Гараж подстанции пуст, значит, никого нет, остаётся только гадать о том, кто уже поел, а кому это ещё только предстоит. Я — практически счастливчик, ведь успею поесть сегодня, служа демонстрацией известной истины о том, что нельзя откладывать на завтра. Сразу иду на кухню, где достаю макароны с мясом, помещаю их в микроволновую печь, предварительно сбрызнув водой из-под крана, чтобы при разогревании в еде осталось хоть немного жидкости, коя из продукта легко исчезает вследствие действия неких физических процессов, связанных с работой печи. Заодно накрываю специальной крышкой, якобы препятствующей выводу воды из разогреваемого продукта, только у неё механизм недоработанный, поскольку вся жидкость скапливается на внутренней стенке крышки, отчего остаётся либо всю воду стряхнуть обратно на еду, либо отставить крышку на своё место, чтобы не портить вкус примесью воды в чистом виде.

Медленно есть смысла не было — я всё-таки планировал помыть голову, желая убрать неприятный запах, который чувствую и я. Поэтому макароны поглощались быстро, только мясо я тщательно разжёвывал, смазывая каждый кусочек порцией горчицы. Опустевший мешок выбросил в мусорное ведро, а руки попытался помыть с помощью хозяйственного мыла, которым следом отмывал вилку. Браться за губку и моющее средство я не стал — от них больше жира на руки попадёт, который потом будет очень трудно отмыть. Отчего случается всё наоборот — не знаю. Своё моющее средство носить не хочется, а стоящим около раковины я отказался пользоваться по причине тщетности попыток найти в нём хоть немного способности к отмыванию посуды.

В каждой комнате на подстанции имеется раковина с краном. Немного неудобно, но голову под кран всё-таки можно поместить. Мыло с собой имеется — нам как-то выдавали по куску несколько лет назад. Я бережно его сохранил у себя в шкафу для одежды, где мыло исполняло дополнительно роль освежителя воздуха для антидушистой верхней робы.

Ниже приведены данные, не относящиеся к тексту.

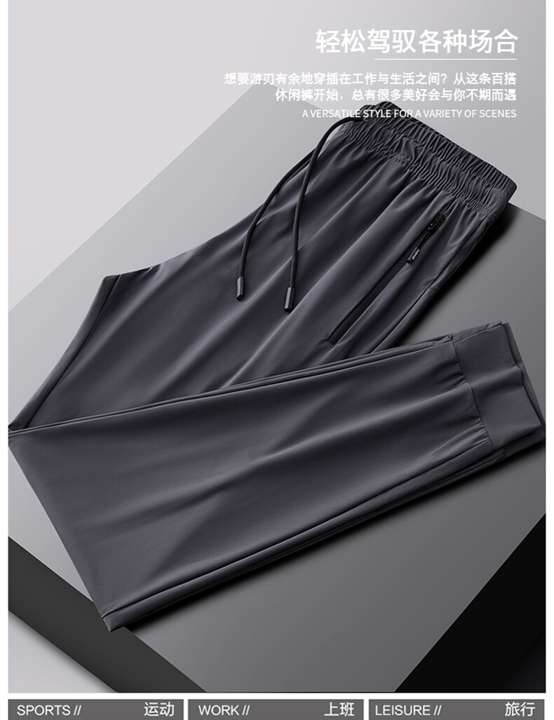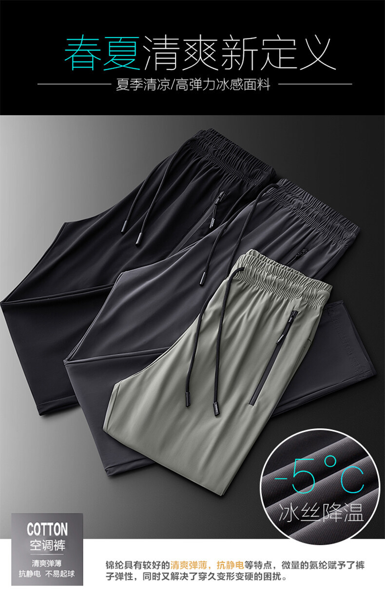 남성 캐주얼 바지, 얇은 여름용 속건 아이스 실크 2026 남성용 대형 사이즈 스트레이트 스포츠 긴바지, 남성 의류, 통기성스토어 가기

Положил рядом полотенце, приготовился принимать водные процедуры. Очередной признак того, что день не задался, возвестил о себе шумом, когда я смывал мыльную пену, и тут же я обнаружил, что штаны и обувь забрызганы водой, а на полу около раковины растеклась лужа. Порвался шланг подачи холодной воды — вот отчего я голову домывал быстрее, поскольку попытка добавить холодной воды не делала температуру оптимальной лично для меня. Пришлось перекрывать вентиль, отвечающий за подачу холодной воды. Завтра надо будет сообщить сестре-хозяйке, которая, в свою очередь, озаботится вызовом сантехников.

Одна радость — чистая голова. Буду надеяться, что она успеет высохнуть до конца ужина. Поскольку время позднее, я сразу стал готовить себе постель — как знать, может, больше вызовов не будет, а я погружусь в глубокий сон. Обратился к потолку, взывая о справедливости и заслуженном отдыхе. Прошу дать покой на четыре часа, которых хватит для восстановления сил. Пожелал всем людям чувствовать себя здоровыми.

Как и планировал в обед, перенёс матрас с соседней кушетки на свою, создавая знатные условия, напоминающие домашние. Так как матрасы весьма прохудившиеся, то только положенные друг на друга они напоминают один добротный, в то время как если их использовать по одному, ощущения лежания на них будут больше схожи с лежанием на доске. Вторую подушку убрал, ведь и с одной неудобно. Какой-то непонятный внутри наполнитель, от которого шея начинает болеть спустя пять минут, но и без подушки шея тоже начинает болеть, поскольку головной изгиб кушетки располагается не под самым удачным углом, отчего шее снова неудобно. Оба одеяла будут служить для меня единым покрывалом.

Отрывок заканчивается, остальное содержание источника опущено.